Older women experience many potentially triggering life transitions, much as adolescent and young adult women do, but these often don't get the same amount of attention because “they don't have the graduations, confirmations, and big birthday parties to celebrate them,” says Maine, co-founder of the Maine and Weinstein Specialty Group.

Rarely a first-time issue

Here is some of what the field knows about the older female cohort with eating disorders. While it is not true that every woman who develops eating disorder symptoms had a full-blown eating disorder earlier in life, most at least had symptoms at some point in time. “Very few develop this later for the first time,” says Maine.

Life crises around relationships, parenthood, work challenges and family illness often serve as a precipitating factor to the onset of symptoms. “The way they often will manage anxiety is through their body,” says Maine. “They don't have another way to take time for themselves.”

This is why Maine believes it is important to address with adult women that when they are experiencing a developmental transition, they need to remain mindful of their eating patterns, sleep, exercise and other lifestyle issues.

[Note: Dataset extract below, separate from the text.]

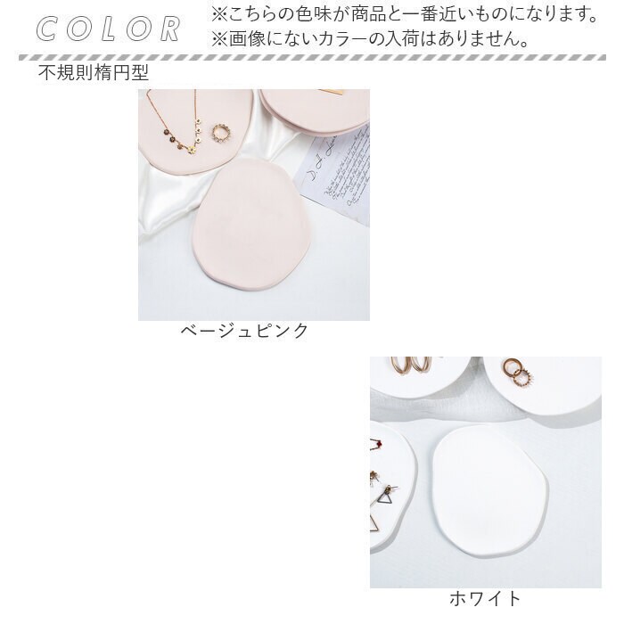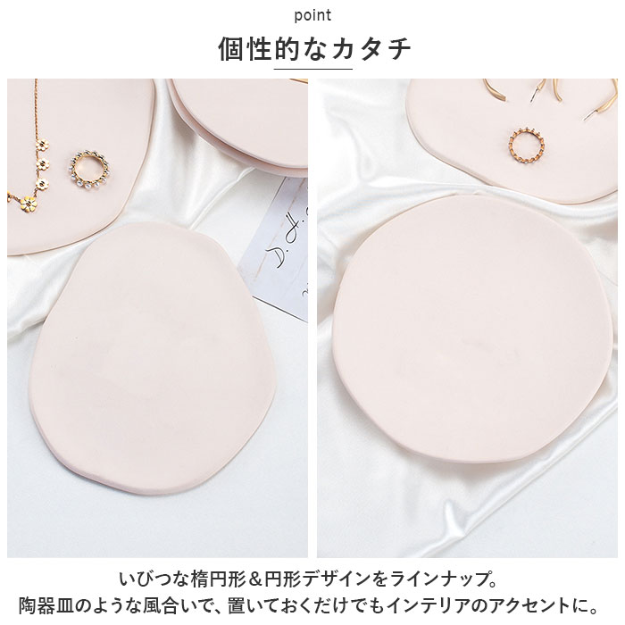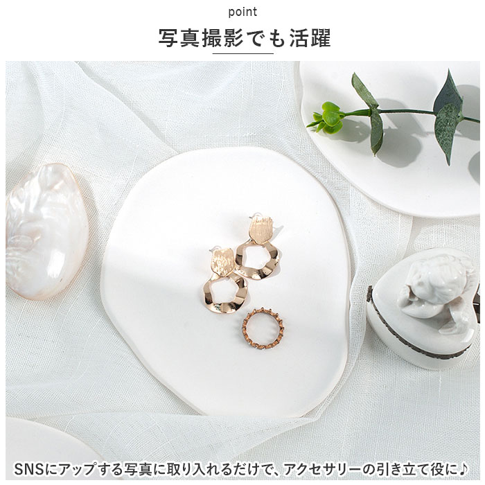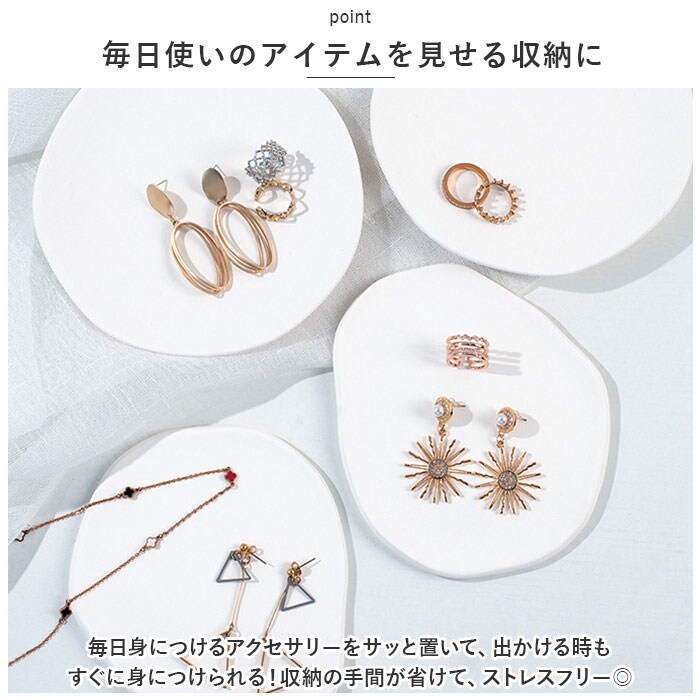 | 商品説明 | 指輪やピアスをおしゃれにディスプレイできる、アクセサリートレーが新登場。【個性的なカタチ】いびつな楕円形&円形デザインをラインナップ。陶器皿のような風合いで、置いておくだけでもインテリアのアクセントに。【毎日使いのアイテムを見せる収納に】毎日身につけるアクセサリーをサッと置いて、出かける時もすぐに身につけられる!収納の手間が省けて、ストレスフリー◎【写真撮影でも活躍】SNSにアップする写真に取り入れるだけで、アクセサリーの引き立て役に♪【使い方いろいろ】アクセサリーだけでなく、鍵や腕時計、ちょっとした小物置きとしても使用OK! |

Adult patients with eating disorders don't tend to exhibit discrete symptoms of anorexia or bulimia, which can make a diagnosis all the more challenging. “It is usually a combination of symptoms, or subclinical symptoms getting more intense,” Maine says. Treatment can be even more of a challenge given the busy lives that these women lead, so Maine believes intensive outpatient and outpatient programs should schedule some hours in evenings and on the weekend.

Maine adds that if a woman received treatment earlier in life for an eating disorder and was able to stay in treatment for a period beyond fulfillment of initial goals, the additional coping skills she would have built could serve as a protective factor against a recurrence in older adulthood.

According to Maine, data on the prevalence of eating disorders in adult men are considerably more sparse than the data on women.

A revised version of Maine's 2005 book will be out this May, titled Pursuing Perfection: Eating Disorders, Body Myth, and the Pressure to Be Perfect.